Потеряв мать, мы теряем связь с миром, и долго потом обретается чувство родины, обретается в душевных муках и самоотречении.
«Дитя неразумное!» – говорят взрослые, имея в виду детскую ранимую чувствительность. Даже любя детей, как мы, взрослые, мало уважаем их по-человечески! Как тесно и тяжело детям в нашем мире, загроможденном отвлеченными условностями и прямыми запретами, давящем предметностью и язвящим душу недоверием, назойливой требовательностью и мрачной властностью, которым детству еще не противопоставить искушенность ума и расчетливую волю. Как мы спешим упредить в детях собственные ошибки! Все и вся являет права на детскую душу. И долго еще, ощупью бредя по пути жизни, мы торопимся расти, – велика наша зависть к взрослым, которые так уверены в себе! – изгоняя себя из детства, из мира его мечты, из того мира, где человек, может, больше всего человек…
На пыльном чердаке, у слухового окна из косо врезанных истлевших дощечек – слепая лесенка: все слышно, ничего не видно – я оплакивал отца и впервые подумал – что ж это был за человек?.. Отец любил меня странной, застенчивой любовью непоправимой виноватости, каким-то невысказанным горестным чувством. Словно сознавал ошибку, дав мне жизнь, постоянно опасаясь, что сыну суждено быть в жизни таким же растерянным, неприткнувшимся, лишним для самого себя, как и он сам, суждено будет страдать и за себя, и за отца, породившего его в этом мире. Чем еще тогда можно объяснить ту смущенную печаль в глазах отцовских, когда он подолгу и молча смотрел на меня? Так, сожалеючи и задумчиво, со страдальческой смиренностью, уже ни о чем не вопрошая и молча, смотрят на безнадежно больного. Чем объяснить отцовские, редкие, впрочем, виноватые и задумчивые поглаживания по голове, обрываемую на полуслове речь, как бы сознающую всю тщету назиданий перед роковой неизбежностью судьбы?.. Пройдя сквозь ад и безумие первой мировой, лишившись ноги, оставшуюся жизнь отец воспринимал трагично.
Казалось, что снарядный осколок тогда, в шестнадцатом году, не только отнял у него ногу, но навсегда лишил ощущения основательности человеческого бытия. Я оплакивал отца, хотя было в этих слезах больше саможаления, жалобы на детдомовскую судьбу…
Буквы на посылке были прерывистыми, кривыми, не отцовскими. Я хорошо знал отцовский почерк! Крупные каракули, то тонкие, то не в меру жирные, – видно, часто и терпеливо мусолился огрызок чернильного карандаша – они уже этим вопили о беде, которая свалилась на меня. Я знал, что отец, похоронив мать, будет пить еще пуще прежнего, что он плохо кончит. Я ждал беды – и вот она пришла. Она приняла облик этой нищенской посылки в старом чувале с рыжими заплатами и карандашно-чернильным адресом…
Тетя Клава встала со стула, подошла ко мне, жавшемуся к дверному косяку, обняла и расплакалась. «Он умер?» – спросил я. Тетя Клава лишь крепче прижала меня к себе и закивала головой, слегка отвертываясь, чтоб не уронить слезу на мою сатиновую рубашечку. Юбка ее пахла духмяной ржицей, которой перекладывают вещи в сундуках – за неимением нафталина.

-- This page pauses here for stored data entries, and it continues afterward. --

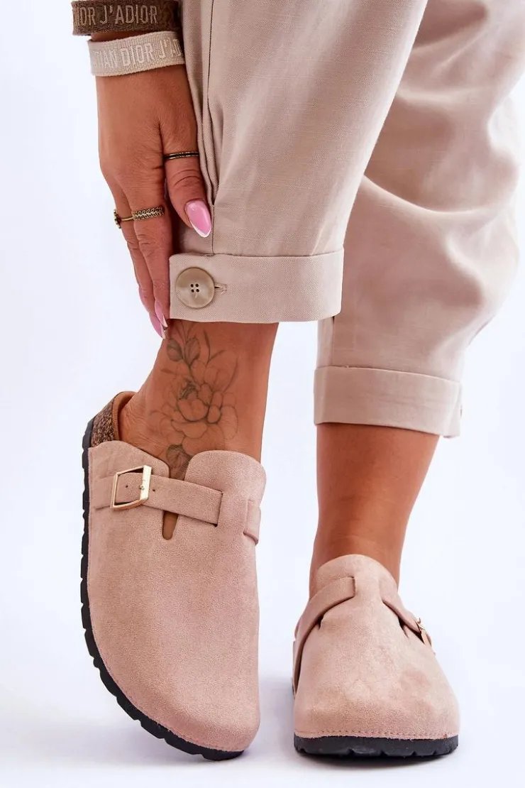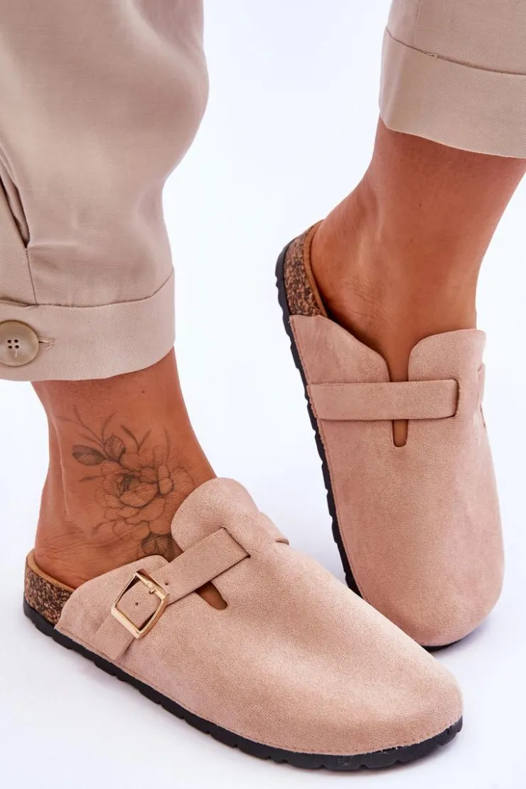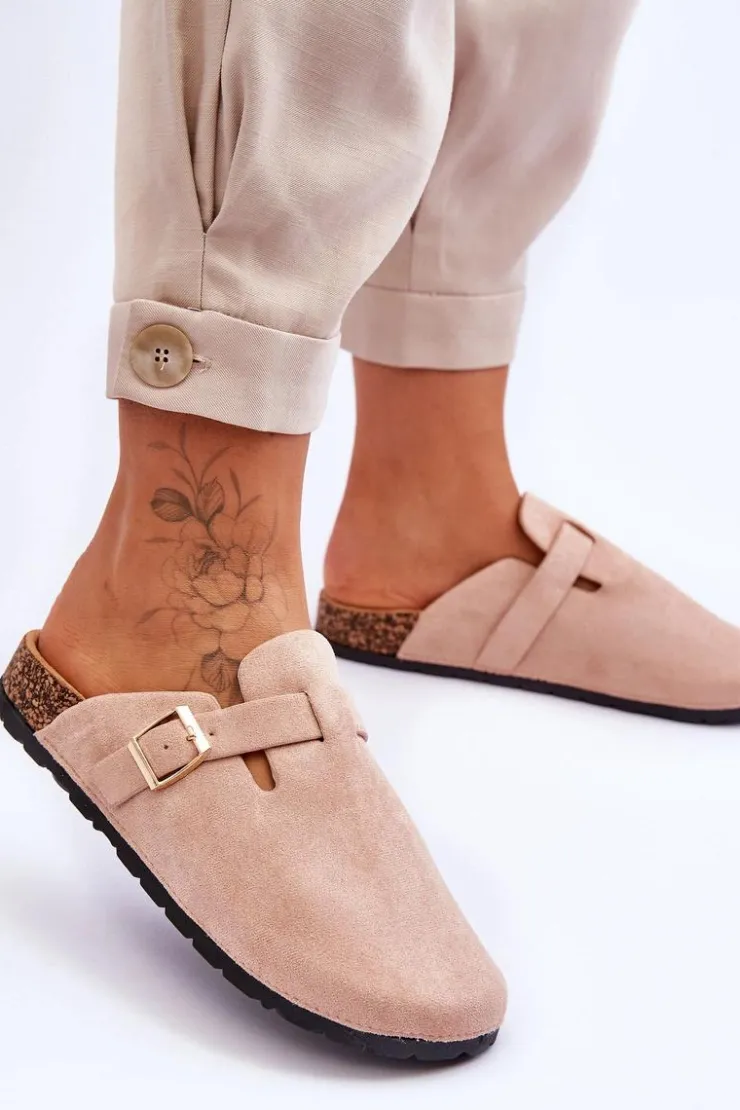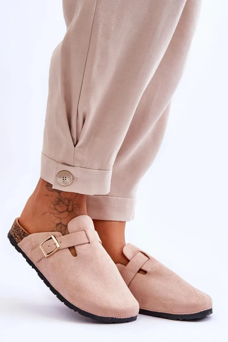 Klapki zostały osadzone na korkowej platformie z podeszwą z tworzywa sztucznego. Klapki zostały wykonane z eko zamszu. Posiadają profilowaną wkładkę z eko zamszu. Dodatkowo zostały ozdobione regulowanym paseczkiem ze sprzączką. Klapki z zabudowanym noskiem możesz używać także zamiast papci. Przy wyborze rozmiaru prosimy sugerować się tabelą rozmiarów.
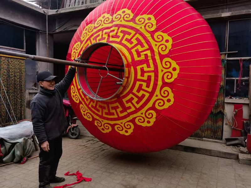 “這個規(guī)格是3米的,算是中等大小。”白軍平熟練地撐開了一個大紅燈籠。打小跟老人學燈籠技藝,白軍平最擅長制作各種規(guī)格的大燈籠。
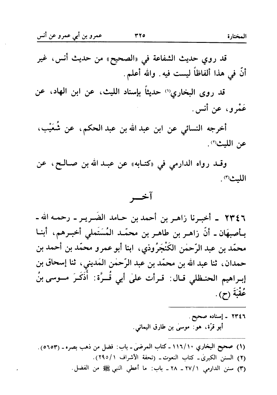 2346 - أَخْبَرَنَا زَاهِرُ بْنُ أَحْمَدَ بْنِ حَامِدٍ الضَّرِيرُ رَحِمَهُ اللَّهُ بِأَصْبَهَانَ أَنَّ زَاهِرَ بْنَ طَاهِرِ بْنِ مُحَمَّدٍ الْمُسْتَمْلِي أَخْبَرَهُمْ أبنا مُحَمَّدُ بْنُ عَبْدِ الرَّحْمَنِ الْكَنْجَرُوذِيُّ أبنا أَبُو عَمْرٍو مُحَمَّدُ بْنُ أَحْمَدَ بْنِ حَمْدَانَ ثَنَا عَبْدُ اللَّهِ بْنُ مُحَمَّدِ بْنِ عَبْدِ الرَّحْمَنِ الْمَدِينِيُّ ثَنَا إِسْحَاقُ بْنُ إِبْرَاهِيمَ الْحَنْظَلِيُّ قَالَ قَرَأْتُ عَلَى أَبِي قُرَّةَ أَذَكَرَ مُوسَى بْنُ عُقْبَةَ (ح) إِسْنَاده صَحِيح

Леман почему-то тоже порывисто встал и вышел из кабинета. Видно, решил, что лучше нас оставить одних. Упредив посылку, оказывается, уже неделю ждало меня письмо – от квартирной хозяйки отца. Тетя Клава, вытирая слезы очень красивым, кружевным платочком, искоса поглядывала на меня. Я не плакал – тетя Клава это, видно, приписала моей мужественности. Она нервно сунула в обшлаг рукава блузки свой красивый платочек, расстегнула ридикюль, чем-то напоминавший мне корабль, разве что без парусов (она никогда не расставалась с этим ридикюлем-кораблем), и вынула письмо.